REVIEW: Reptil #2: Field(work) Trip

Feature image of Paco Medina and Federico Blee’s cover for Reptil #2 by writer Terry Blas, penciler Enid Balám, inker Victor Olazaba, colorist Carlos Lopez, and letterer Joe Sabino depicting Reptil fighting a dinosaur

Reptil #1 reintroduced readers to Humberto Lopez, the titular teen superhero who can turn into dinosaurs. In the second issue of the four-part miniseries, Humberto and his cousins, Eva and Julian, come face to face not with fossils but with flesh and blood reptiles on Dinosaur World.

Reptil #2

Enid Balám (penciler), Terry Blas (writer), Carlos Lopez (colorist), Paco Medina and Federico Blee (cover), Victor Olazaba (inker), VC’s Joe Sabino (letterer)
Marvel Comics
June 23, 2021

Paco Medina and Federico Blee’s cover for Reptil #2 by writer Terry Blas, penciler Enid Balám, inker Victor Olazaba, colorist Carlos Lopez, and letterer Joe Sabino depicting Reptil fighting a dinosaur

Reptil #2 opens in a flashback to a fieldwork site where Humberto’s paleontologist parents — currently missing — are excavating a (very much dead) fossil. The younger Humberto, wearing a green t-shirt and jeans echoing both an outfit worn by the older Humberto in the first issue and his superhero costume, asks his mother what her favorite dinosaur is. She replies, “quetzalcoatlus,” which, she explains, was named after the Aztec god of wind and air, Quetzalcoatl. Humberto’s father continues, “Having a dinosaur with an Aztec name means we get to see our culture out in the world and share that culture with you.” You don’t need a quetzalcoatlus’s wings to make the leap from favorite dinosaur to favorite superhero and what it means to have a character with a name like Humberto Lopez lead a comic book.

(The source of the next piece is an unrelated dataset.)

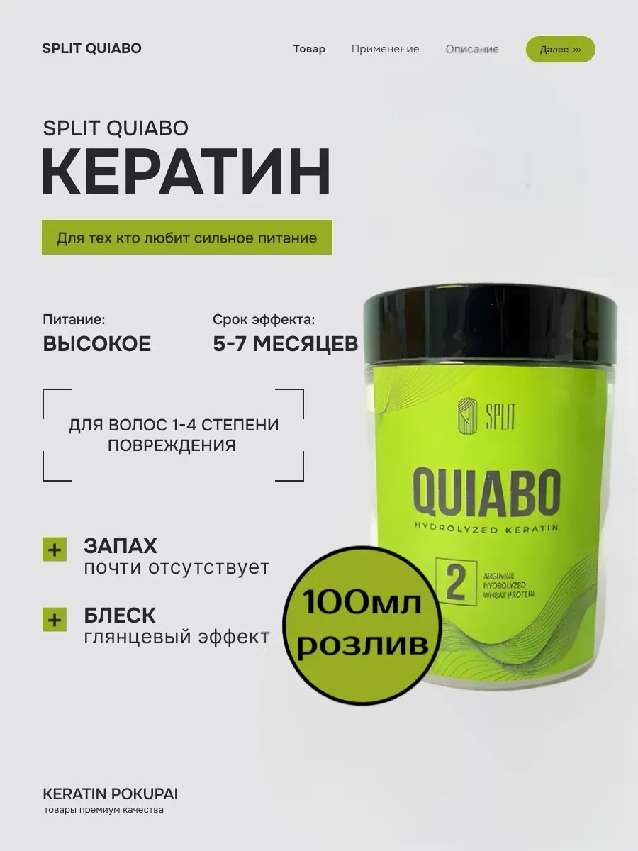 Процедура выпрямления волос split quiabo кератин с питанием обещает преобразовать волосы, делая их гладкими, блестящими и хорошо ухоженными. Это не просто процедура выпрямления, это комплексный уход за волосами, который укрепляет и восстанавливает волосы благодаря ингредиентам высокого качества. Основные характеристики продукта: Подходит для тонких и средних волос, как натуральных, так и окрашенных. Особенность этого кератина в его высокой силе выпрямления без утяжеления. Содержит гидролизованный коллаген, кератин и пшеничный белок для укрепления волос, а также аминопропилфенилтриметикон для дополнительной гладкости и блеска. Инструкции по применению: Подготовка волос: Начните с глубокого очищения волос специальным шампунем. Если у вас натуральные волосы, повторите процедуру 3-4 раза. В конце, оставьте шампунь на 5 минут и затем тщательно промойте. Подготовка к нанесению: Сушите волосы до полной сухости. Подготовьте продукт: Разделите волосы на 4 части и активно встряхните бутылку с кератином. Нанесение: Начните с нанесения продукта, отступая от корней, и убедитесь, что продукт равномерно распределен по всей длине. Оставьте на 20 минут. Сушка: С использованием фена на холодном режиме высушите волосы на 100%. Выпрямление: С помощью утюжка для волос с подходящим покрытием проходите по каждой пряди 10-15 раз. Регулируйте температуру в зависимости от типа и состояния волос. Завершение процедуры: Дайте волосам остыть, затем промойте без шампуня. Нанесите маску для глубокого восстановления, оставьте на 5 минут, а затем снова промойте волосы. Совет: Для наилучшего результата следуйте всем указаниям производителя. Если у вас есть сомнения или проблемы со здоровьем волос, рекомендуется проконсультироваться со специалистом перед процедурой.

The Santee Alley altercation briefly continues as the comic shifts from past to present, with Humberto unmasking the man (Henry Desjardin, billionaire founder of tech company Megalith) after his amulet. Fleeing the scene (and the police responding to it), Humberto, Julian, and Eva return home, where Eva tells her brother and cousin that her trick earlier was a magic trick. She’s been studying magic and magic users: Doctor Strange, Scarlet Witch, and Doctor Voodoo. Julian namedrops designer Jumbo Carnation, then Darla Deering and Dazzler. These references, to mystic, mutant, and musical Marvel characters, put Reptil in closer proximity to the (predominantly white) center of the universe.

Eva’s magic powers move them away from it as they use petite portals to go to Dinosaur World in search of the Hag of the Pits, the creator of the amulet who, believe it or not, is an established character with a fandom.com page. Once there, Humberto gets to spread his wings, and it’s clear that the creative team is having fun with the breadth of his powers even if he is not. They’re also willing to experiment with style.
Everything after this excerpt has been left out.